Example 1: Stripe-Style Reconciliation Pipeline (8 hours)

A small payments company asks: 'Build a reconciliation pipeline that ingests transactions, refunds, and chargebacks and produces a daily report of any mismatch.'

Prompt

What the company sent

Three CSV files: transactions (1M rows), refunds (50K rows), chargebacks (5K rows). Build a Python pipeline that produces (1) a per-merchant daily revenue report and (2) a list of any transactions where the refund amount exceeds the original transaction. Time budget: 8 hours. Deliver as a git repo. README required.
Winning Repo Structure

What 5/5 looked like

recon-pipeline/
├── README.md            # 5-min walkthrough, runs in 30 sec
├── Makefile             # make install, make run, make test, make report
├── pyproject.toml       # pinned Python 3.11, polars, click, pytest
├── data/
│   ├── input/           # the 3 CSVs
│   └── output/          # generated reports (gitignored)
├── src/
│   └── recon/
│       ├── __init__.py
│       ├── ingest.py    # CSV -> polars DataFrame, schema validated
│       ├── transform.py # joins, merchant aggregation
│       ├── checks.py    # refund > txn anomaly detection
│       ├── report.py    # CSV + markdown output
│       └── cli.py       # click-based entrypoint
├── tests/
│   ├── conftest.py
│   ├── test_transform.py
│   └── fixtures/        # 30-row sample of each input
└── docs/
    └── design.md        # how I would productionize this
Where Candidates Lose Points

The traps in this take-home

Trap 1: Not handling refunds across day boundaries. A transaction on day 1 with refund on day 3 needs to be reported in day 1's revenue (most candidates report it in day 3). Document your choice.
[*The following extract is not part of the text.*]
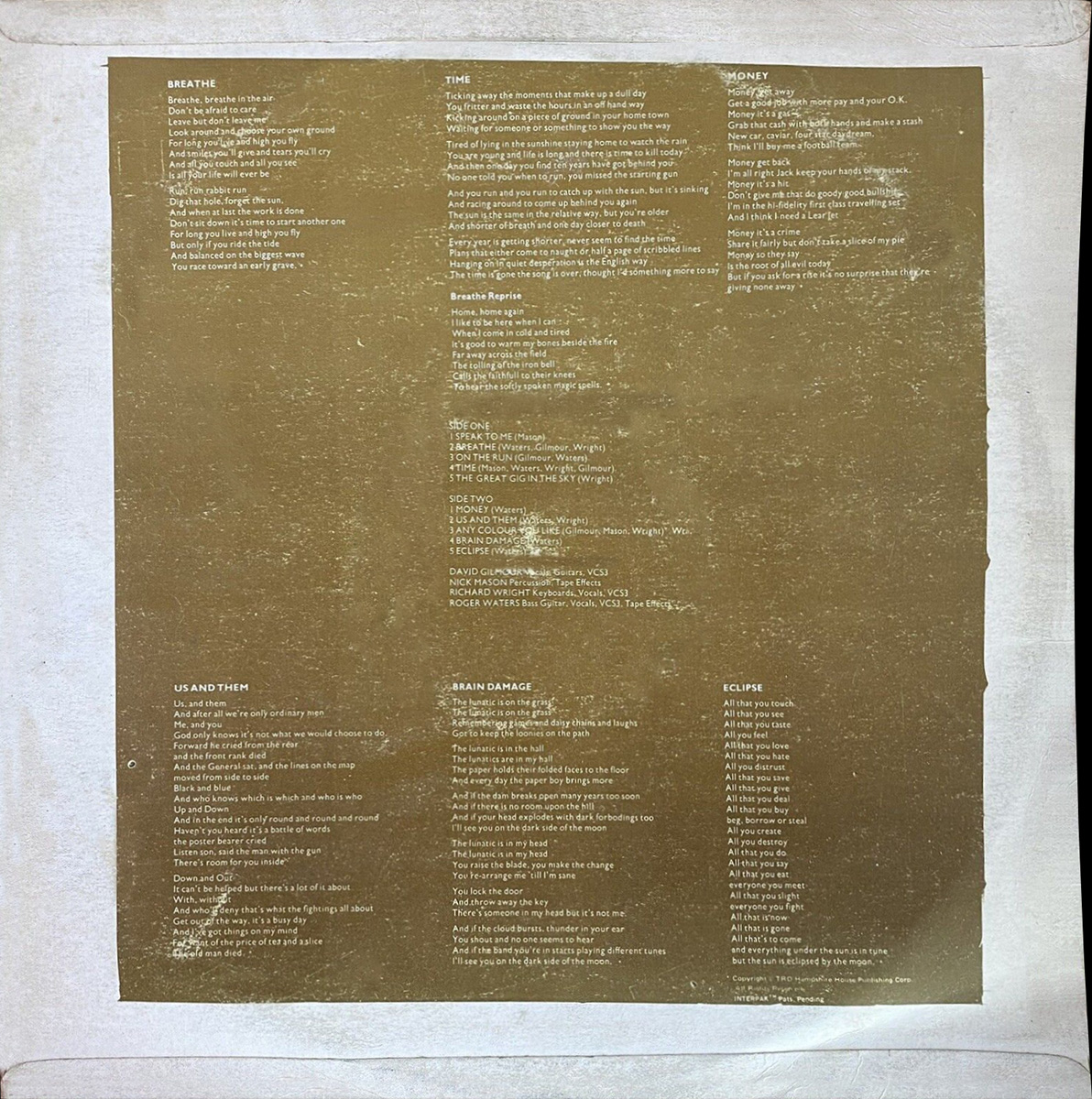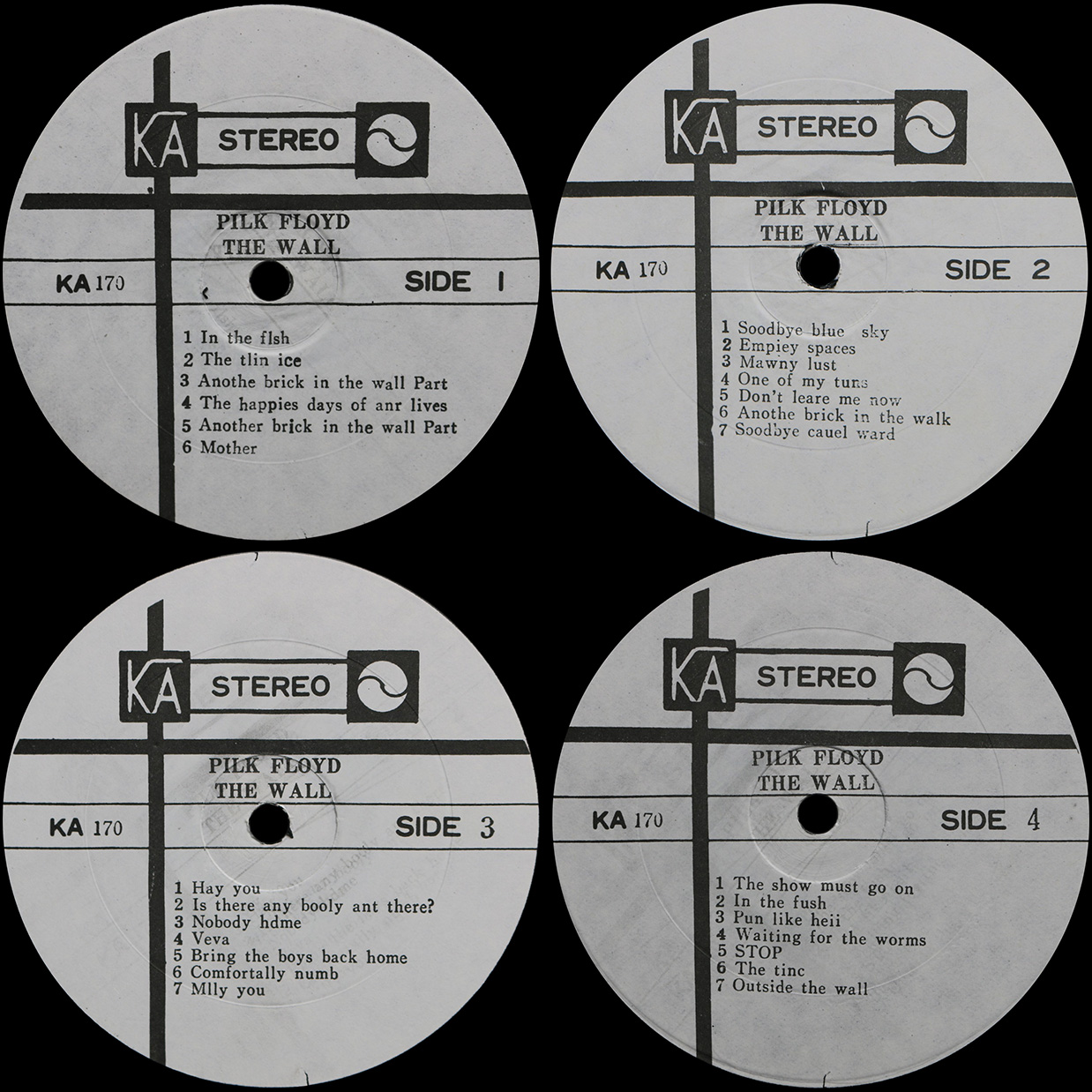 Release Information: Side l label reads "In The Fish," and "The Tlin Ice." Side 2 label reads "Sood Bye Blue Sky," "Empiey Spaces," "Hauny Lust," "One Of My Tuns," "Don't Leare Me Now," and "Sood Bye Cauel Ward." Side 3 reads "Hay You," "Is There Any Booly Ant There?," "Nobody Hdine," "Veva, " "Confortally Munb," and "Mlly You." Side 4 reads "In The Fush," "Pun Like Heii," and "The Tinc."

Trap 2: Using floats for currency. Use Decimal or integer cents. Half the failed submissions hit precision bugs at scale.
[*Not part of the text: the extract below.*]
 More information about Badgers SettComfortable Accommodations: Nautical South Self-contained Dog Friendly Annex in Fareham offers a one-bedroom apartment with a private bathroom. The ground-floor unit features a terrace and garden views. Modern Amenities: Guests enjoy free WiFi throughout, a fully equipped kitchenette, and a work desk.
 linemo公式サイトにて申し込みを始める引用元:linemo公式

Trap 3: Not documenting how you would deploy this. Graders explicitly look for the productionization section in the README. Half a page on Airflow DAG, on-call setup, and SLA.
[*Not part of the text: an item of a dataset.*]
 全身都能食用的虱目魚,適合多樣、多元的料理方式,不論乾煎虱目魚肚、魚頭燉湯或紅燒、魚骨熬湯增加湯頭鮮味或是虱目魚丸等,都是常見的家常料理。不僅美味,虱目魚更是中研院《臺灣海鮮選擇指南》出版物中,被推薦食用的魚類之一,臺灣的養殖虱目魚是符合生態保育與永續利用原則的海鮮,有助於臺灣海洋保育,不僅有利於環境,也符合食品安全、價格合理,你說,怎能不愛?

Example 2: Airbnb-Style Listing Search Backend (8 hours)

A travel marketplace asks: 'Build a search index pipeline that ingests listing updates and powers a queryable search service with 5-second freshness.'

Prompt

What the company sent

A JSON file with 100K listings (id, title, description, price, lat, lon, amenities). A second JSON with 20K listing updates over the last 24 hours. Build a Python pipeline that ingests listings, applies updates, and exposes a search-by-text + filter-by-price + filter-by-distance API. 8 hours. Local-only is fine.
Winning Approach

Architecture choice (in README)

Two-phase: ingest writes to SQLite with FTS5 full-text index. Updates write to a small change log table; a background process applies them every 5 seconds. Query layer is FastAPI with three endpoints (search, filter, nearby).

Trade-off documented: SQLite chosen over Elasticsearch for self-contained simplicity at this data size. Production version would use Elasticsearch or OpenSearch with a Kafka-fed update stream.

Where Candidates Lose Points

The traps in this take-home

Trap 1: Building a clever inverted index from scratch instead of using SQLite FTS5 or Whoosh. Wrong choice: graders care about the end-to-end design, not your custom index code.

Trap 2: Skipping the update path. Many candidates ingest the initial dump and forget the 5-second freshness requirement. The freshness path is half the grade.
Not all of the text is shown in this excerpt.